The Chinese "New Left" is rife with contradictions. Most defend the inviolability of private property in principle, but they don't like the "down side" of the market. In particular, they understand that if the land is privatized the poor peasants will be ruined. The Chinese "New Left" seeks the impossible: capitalism with a human face. Only the proletariat supported by the poor peasants can defend the nationalized land. Besides, China won't be modernized through capitalism. Capitalist China will look like a mix of the warlordism following the first Chinese Revolution in 1911 and post-counterrevolution Russia today.
The question of "democracy" cannot be separated from the class nature of the state. For example, the fake-Trotskyist affiliate of the United Secretariat in Hong Kong, Pioneer, blazoned in the headline of its New Year's Day 2004 statement in support of the protest that day: "For General Elections Through Universal Franchise and Free Nominations!" This call is virtually identical to the demand issued by U.S. imperialism's representative in Hong Kong the month before. The first order of business in Hong Kong is the expropriation of the bourgeoisie there. These calls for "democracy" with no intention of defending collectivized property on the mainland are a cover for not-so-"democratic" counterrevolution.

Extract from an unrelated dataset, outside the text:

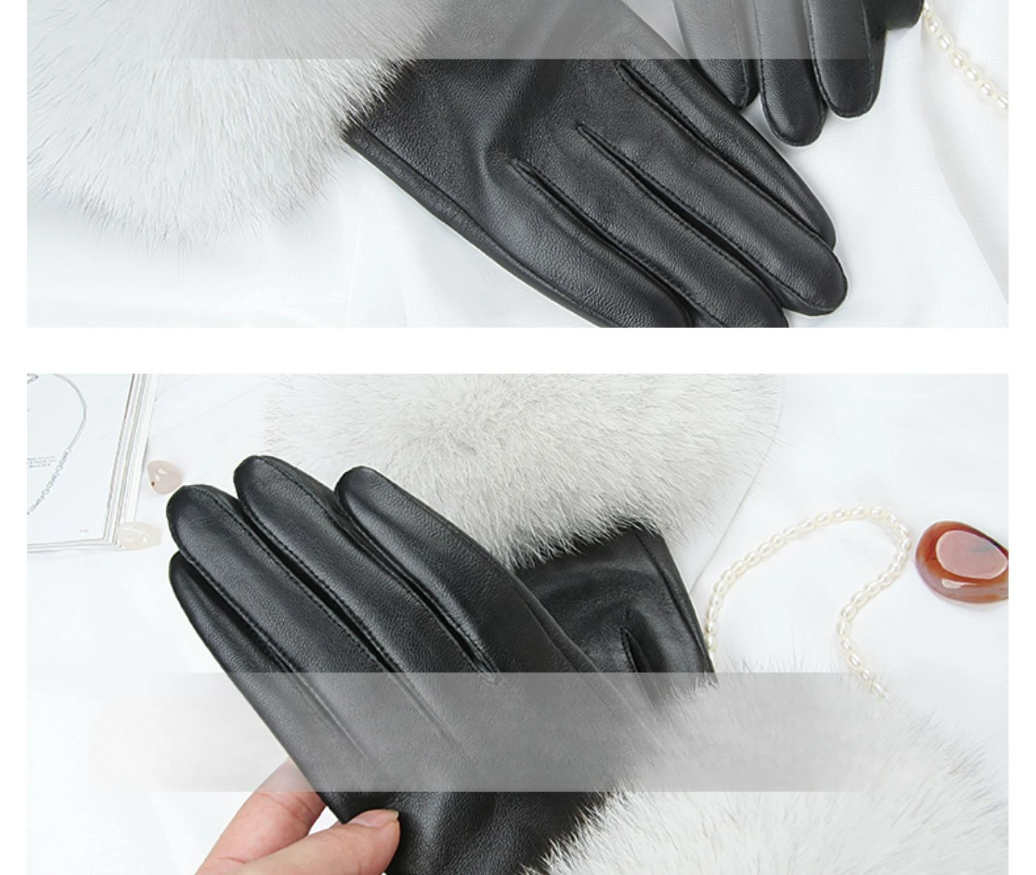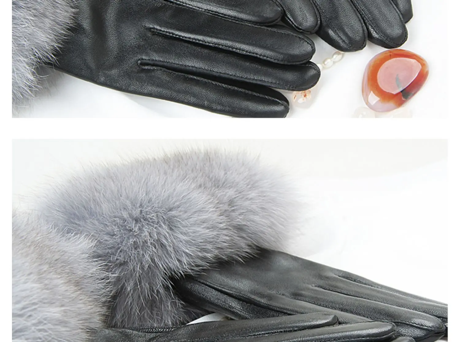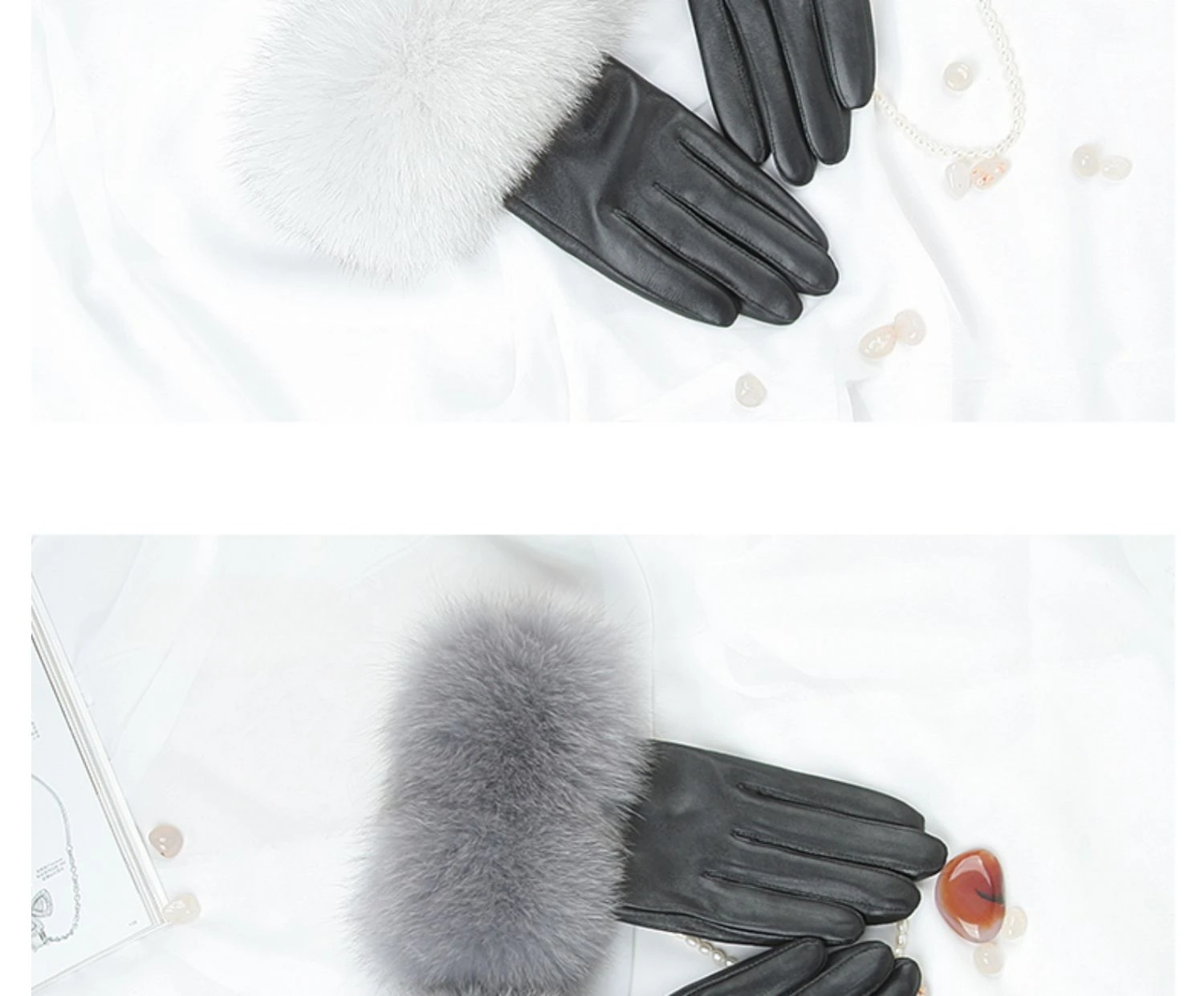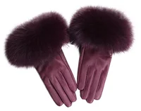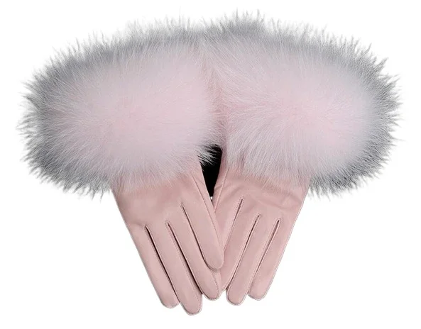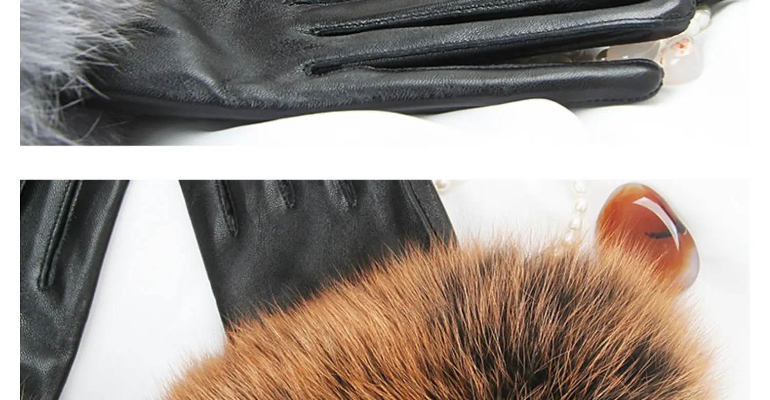 Sheepskin Natural Fox Fur Trimming Gloves Women’s Genuine Leather Wrist Warmer Glove Winter Warm

For all those who call China capitalist, here's a short anecdote from a novel by Ha Jin, The Crazed. During the Tiananmen protests a reactionary shouted to the workers: "Don't be slaves anymore!" A locksmith responded: "How dare you call me a slave." Chinese workers are not prepared to surrender; they are not slaves. They want to fight to defend collectivized property. They can be the masters of their state, but they need leadership.
To finish, I wanted to make a few points about the ICL's intervention into the incipient proletarian political revolution in East Germany in 1989-90. The tasks of the international proletariat are immense. Our intervention showed that it is possible when there's a small crack, during a revolutionary situation, like the two weeks it took to enforce martial law at Tiananmen, for a revolutionary program to have tremendous impact. Workers came to us and asked, how do we form workers soviets? Enough East German workers considered what the ICL was fighting for, that when the fascists desecrated the Treptow Soviet war memorial the ruling Stalinist government felt compelled to join a united-front protest we initiated against the fascists and in defense of the deformed workers state. A quarter of a million workers participated. For the first time ever in a deformed workers state, Trotskyists shared a platform with the Stalinists. We were fighting to become the revolutionary leadership. From the platform, our speaker called for "Workers and soldiers soviets to power!"
This was the best defense against capitalist counterrevolution. Two programs were competing: ours, of proletarian political revolution, and the Stalinist program of capitulation and counterrevolution. The Treptow mobilization frightened the powers that be, both East and West, and our forces were too small. We lost. The lessons of that struggle and of Tiananmen must be assimilated by the international proletariat. The key question is not how to modernize China, but how to establish an international soviet system that can resolve the problem of scarcity in the world.